When I was rooting through my desk, I stumbled upon a few pieces of Jess’s art work. I’m not sure why I kept them. Even though they had her name, it wasn’t her work. It’s bittersweet to look at them now. I’ve always wondered how the aides felt about me hanging their artwork on my fridge. Did it make them feel like they were doing their job by showing her coloring within the lines? Did they think I would not realize the only part Jess had was sitting with them? Did they think they were sparing me by not sending home a paper covered in scribble?
Art from school with Jess’s name, but the work of her aide.
There was also a time when I would speak for Jess. When people asked her questions, I felt awkward in the silence and would answer for her. Maybe I was trying to cover up that she wasn’t talking, or maybe it was because I didn’t want to hear the stream of curious, never-ending questions. At the time, I felt ashamed that I was speaking for her. It felt wrong, but I was afraid others might see her as “less.” Once people see what they perceive to be “shortcomings,” the next stage is often dismissal.
I’m afraid my speaking for Jess was more damaging than the aides completing her art. Once we start speaking for people, it can lead to talking about them in front of them. In our case, the problem at the time was Jess didn’t have a reliable way to communicate, so I spoke for her. This sometimes led to making her choices. Sure, we learned to speak “Jessie” and interpret her wants and needs, but this was often foreign to everyone outside of our inner circle. All this did was keep her world small.
The other day, there was a conversation among parents asking if they spoke for their children. They all did. I’m guilty of this, and I understand why, but I don’t believe it has to be this way. As good as I thought I was for meeting Jess’s basic needs based on her gestures, I feel I was missing the mark. I believed Jess had so much more to say. My intention is not to disrespect the families that advocate for their children this way, but to have them ask, “What if my child was able to use his/her own voice?”

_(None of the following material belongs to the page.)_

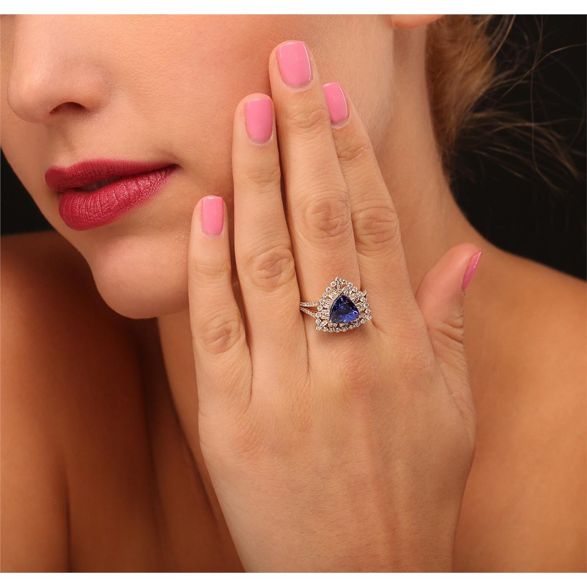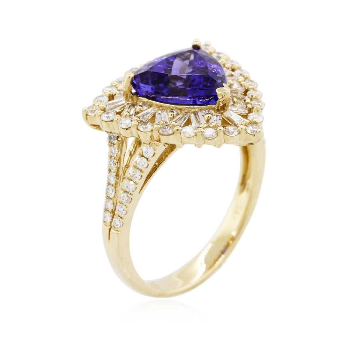 One electronically tested 14KT yellow gold Ladies combination cast & assembled ring with a bright polish finish. Identified with markings of "14K". Condition is new. Containing: Thirty-Seven prong set round brilliant cut diamonds, measuring 1.00 - 1.00 x 0.60mm (depth est.) approximate total weight of 37 Stones = 0.20ct. Clarity of I-1 to I-2, Color of H, Cut is Good. Twenty-Four prong set round brilliant cut diamonds, measuring 1.30 - 1.30 x 0.78mm (depth est.) approximate total weight of 24 Stones = 0.35ct. Clarity of I-1 to I-2, Color of H, Cut is Good. Nineteen prong set baguette cut diamonds, measuring 2.00 x 1.00 x 0.85mm (depth est.) approximate total weight of 19 Stones = 0.48ct. Clarity of SI-1 to SI-2, Color of J - K, Cut is Good. One prong set triangle modified brilliant cut natural tanzanite, measuring 9.00 x 9.00 x 5.85mm, approximate weight of 2.86ct., clarity is eye clean, type I, medium, moderately strong, blue color, (GIA B 5/4), cut is very good. Colored gemstones are presumed to have been subjected to commonly used color/clarity enhancement processes. Total Weight of Colored Stones 2.86ct. Total Weight of Diamonds 1.03ct. Total Weight of Ring 4.80 grams. GGL Appraised at $7,525.00.

If you are waiting for school to tell you when your child is ready for augmentative and alternative communication (AAC), be prepared to wait. Not all schools, not all speech language pathology programs are so forward-thinking. If you feel your child is too old, think again. Jess didn’t find the right AAC till she was 21. When Jess was younger, we used low-tech AACs, and they were not very effective for her. At the age of 5 she was deemed not a candidate for an AAC device, but when she was re-evaluated a couple of years later, the assessment came back different. Over the years, we’ve used at least a half-dozen AAC approaches, but nothing met her specific needs. The point is, we kissed a lot of frogs before finding her prince. You know, when you meet the right one, they can help you be the best person you can be, and you may be able to find “happily ever after.” After all this time, I’ve learned I may be my daughter’s advocate, but I am not her voice. She has one of her own. October is International AAC Awareness Month. Share the love!
Image via Thinkstock.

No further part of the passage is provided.